DENGAN membentuk anak panah raksasa, sekawanan blekok membelah langit layung terbang ke timur. Burung-burung berbulu seputih kapas itu seolah tengah menyongsong purnama bergambar perempuan yang tengah duduk bermenung sendirian. Purnama yang mengisyaratkan kepada orang-orang Toyamas, bahwa senjakala akan segera menapak pada pantai malam.
Di mata Jarana yang tengah duduk nglaras[1] bersama Jureni di depan pendapa padepokan, gambar perempuan pada purnama itu mengingatkan tentang Putri Pembayun. Mantan tuan putrinya yang semula selalu menghabiskan waktunya untuk ngelamun sendirian di tamansari Mataram, seusai Panembahan Senapati menceraikan cintanya dengan Ki Ageng Mangir melalui cara tidak terpuji. Mantan tuan putrinya yang seolah raib hingga tak terlacak jejaknya, sesudah enam tahun silam menyerahkan bayi Bagus Badranaya pada Ki Ageng Karanglo. Pemilik padepokan dari Desa Karangtalo yang kini menetap di Desa Toyamas. Pemilik padepokan Toyamas yang kini menjadi tumpangan hidupnya.

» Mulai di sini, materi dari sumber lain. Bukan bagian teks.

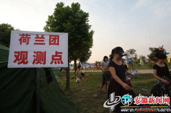 7月21日,来自荷兰的天文爱好者提早在桐城市嬉子湖旁安营扎寨,等待观察22日的日全食。(姚林 摄)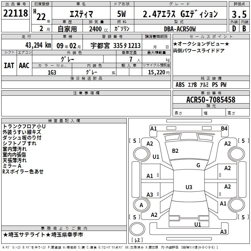 TOYOTA ESTIMA - лот 22118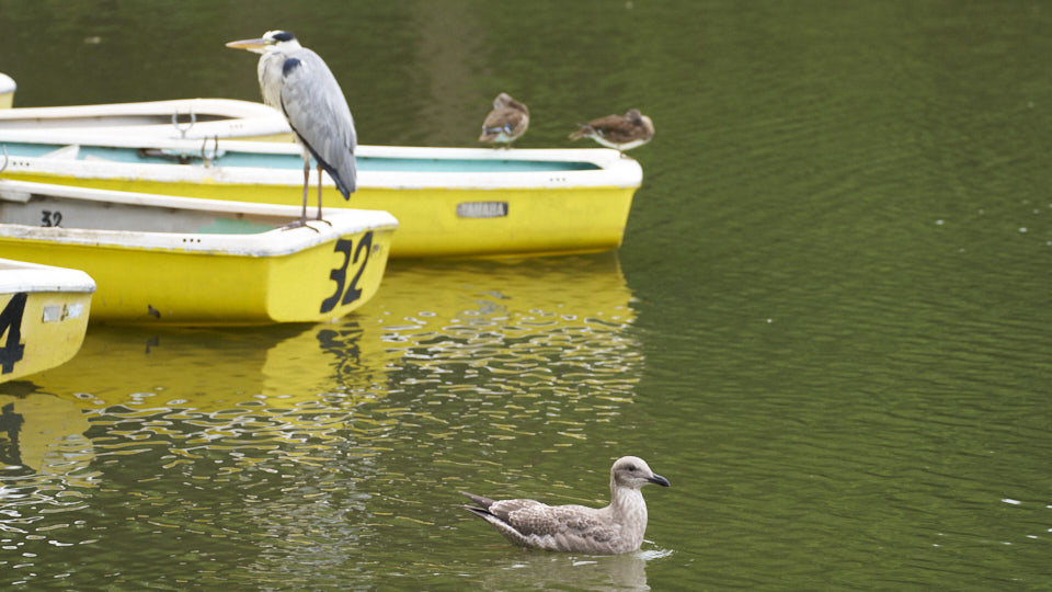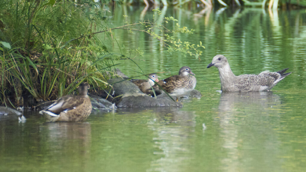 カモメの幼鳥の近くには、アオサギとオシドリ2羽がいました(ともにボートの上)。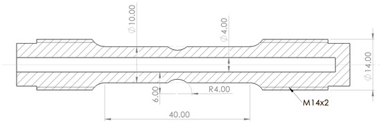 The setup designed in this work consists of a hollow specimen in combination with adapters that mount the specimen in an existing tensile tester, thus making it a simple, accessible test methodology. The loading frame used in this research was a Zwick Z100 electromechanical universal test machine equipped with a 100 kN load cell, combined with a Zwick digi-clip extensometer (gauge length 20 mm) and TestXpert II software. The specimen geometry is shown in Figure 3. The cylindrical specimen is machined from the pipe wall of the X60 pipeline steel such that the longitudinal direction of the specimen and the pipeline align. The hole into the specimen was reamed after drilling to create a smoother surface. Because of the orientation in which the samples were machined from the pipe wall, the girth weld region retains its orientation across the circumference of the specimen. If the specimen is considered as a miniature pipeline, the WM thus retains its original function as a girth weld. This results in equivalent loading directions of the weld between the test and actual operating conditions. A blind hole is machined through the specimen from one side, which is the containment volume for the hydrogen gas. The blind hole, the containment volume of the hydrogen gas, is dimensioned to prevent interference between the local stress fields around the edge of the hole and of the outer thread. Thus, failure outside of the gauge length is prevented. In the specimens that included a girth weld, a notch with a radius of 4 mm and a depth of 1 mm was machined to promote fracture in the weld region.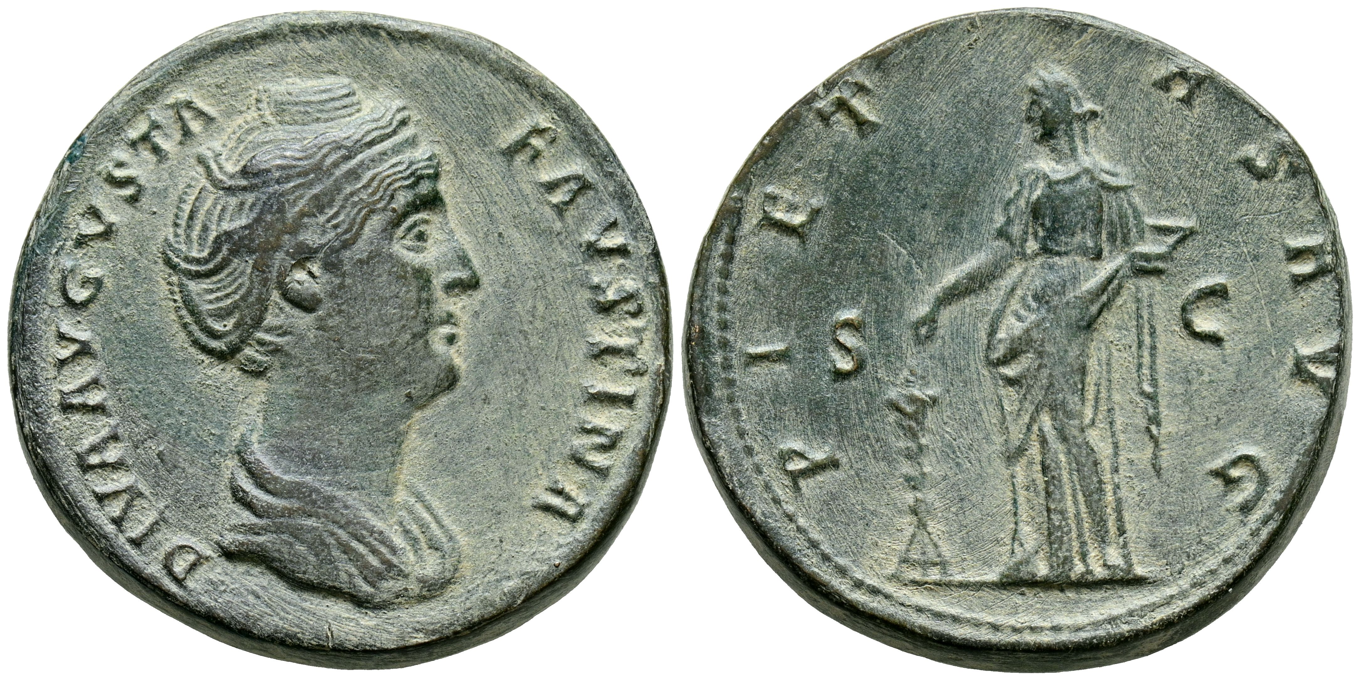 FAUSTINA I. Sestercio. (Ae. 21,15g/31mm). 140-141 d.C. Roma. (RIC 1146a). Anv: Busto diademado y drapeado de Faustina I a derecha, alrededor leyenda: DIVA AVGVSTA FAVSTINA. Rev: Pietas estante a izquierda soltando incienso sobre altar y portando caja, entre: S-C, alrededor leyenda: PIETAS AVG. MBC. Limpiado y retocado.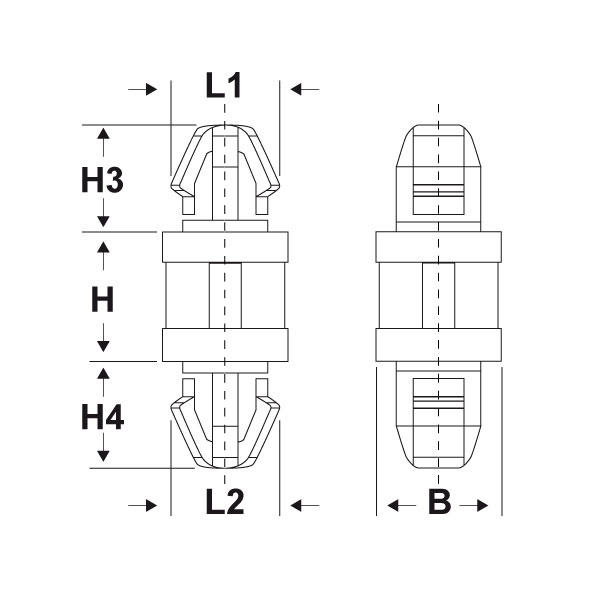 ARTICOLO | ø foro di montaggio superiore mm | spessore telaio superiore mm | ø foro di montaggio inferiore mm | spessore telaio inferiore mm | B mm | H mm | H3 mm | H4 mm | L1 mm | L2 mm | confezione pz. | |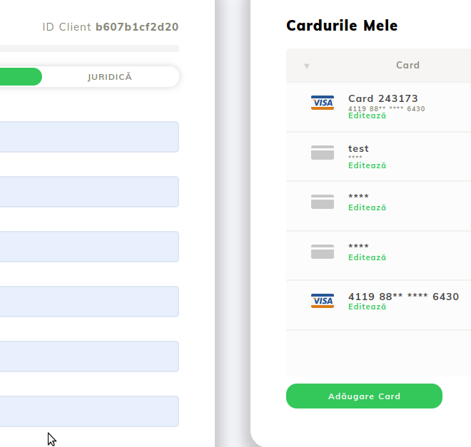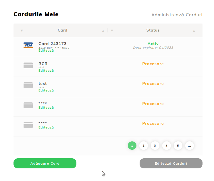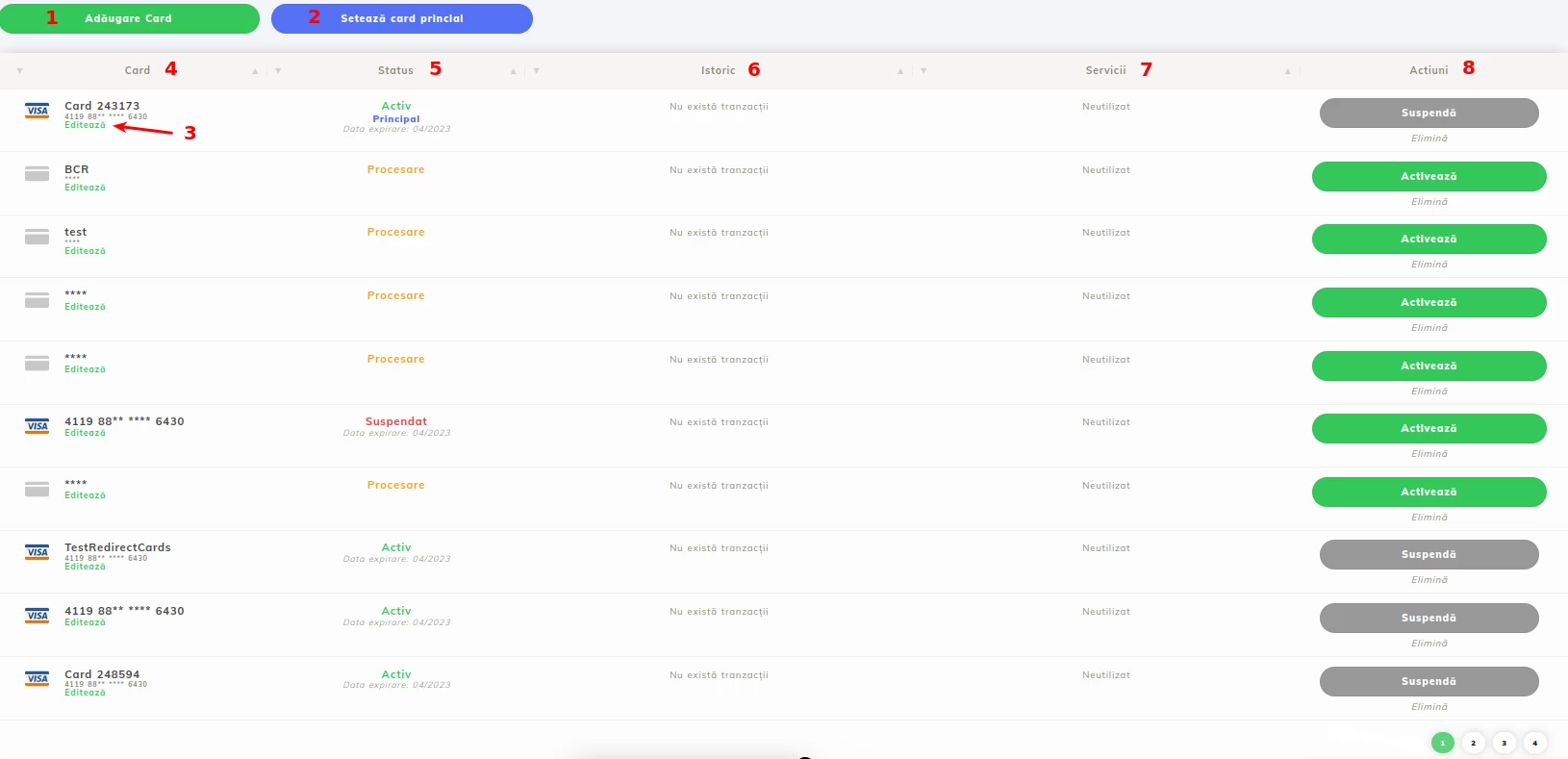- Nous maintenons la fenêtre ouverte (Utilisateur -> Lien utilisateur), et nous redirigeons notre attention à nouveau vers la section Mes cartes. Vous remarquerez que la carte ajoutée précédemment est présente dans le tableau et a un statut actif. Cela signifie que la banque a validé avec succès la demande d'ajout et que la carte peut être utilisée pour effectuer des paiements.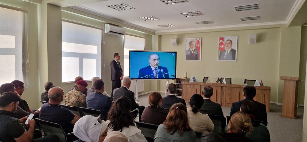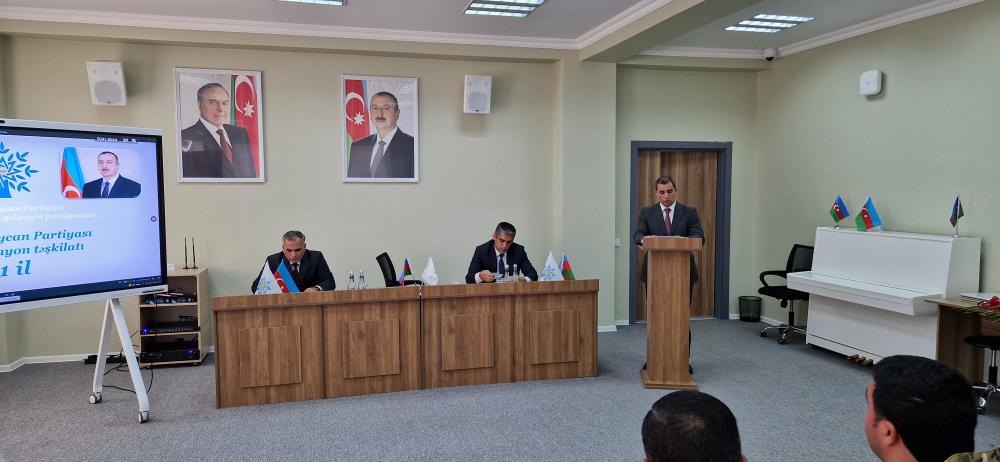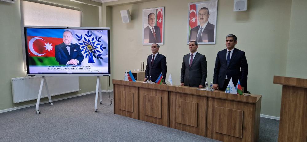 Rayon təşkilatının sədri Natiq Quluzadə giriş nitqi ilə çıxış edərək bildirdi ki, Yeni Azərbaycan Partiyasının tarix ərzində əldə etdiyi uğurları və gələcək hədəfləri ilə xalqımızın birliyini və gücünü təmsil edən rəqibsiz bir siyasi təşkilat olaraq, ölkəmizin inkişafı naminə fəaliyyətini hər zaman uğurla davam etdirəcəkdir. O qeyd edib ki, partiya Ulu Öndər Heydər Əliyevin uzaqgörən ideyaları əsasında qurulmuşdur və onun əsas prinsipləri milli həmrəylik, dövlətçiliyin möhkəmləndirilməsi və Azərbaycanın müstəqilliyinin qorunmasıdır. Bu ideyaların Cənab Prezident İlham Əliyev tərəfindən uğurla davam etdirilməsi ölkəmizin hərtərəfli inkişafına əsas yaratmış, gələcək nəsillərə daha güclü, daha firavan bir Azərbaycan təqdim etmək məqsədini həyatımıza gətirmişdir.

Lain Jarana, lain Jureni. Perempuan mantan ledhek[2] tayub dari Desa Kayiyan itu lebih tertarik menyaksikan anak-anak yang tengah bermain jaranan di pelataran. Dengan menunggang kuda-kudaan dari blungkang, anak-anak itu berjalan membentuk lingkaran sembari menari dan menyanyikan lagu Jaranan. Mereka berhandai-handai sebagai Ndara Nggung yang tengah menunggang kuda kawung dengan dikawal sekawanan pemuda gunung. Mereka berhandai-handai sebagai Ndara Bei yang tengah menunggang kuda teji dengan diiringi para mantri.
Menyaksikan tingkah polah anak-anak yang bermain jaranan di pelataran itu, Jureni terpingkal-pingkal hingga air mata membasahi sudut bola matanya. Terlebih saat mereka menyaksikan Bagus Badranaya yang menari sambil berjalan di belakang anak-anak itu tanpa kuda mainan. Gerak tarian seorang anak yang memiliki sepasang tangan gendhewa pinenthang[3]. Tidak hanya tampak naïf dan lucu bagi Jureni, namun pula memberikan kesan kalau tarian anak itu sangat luwes.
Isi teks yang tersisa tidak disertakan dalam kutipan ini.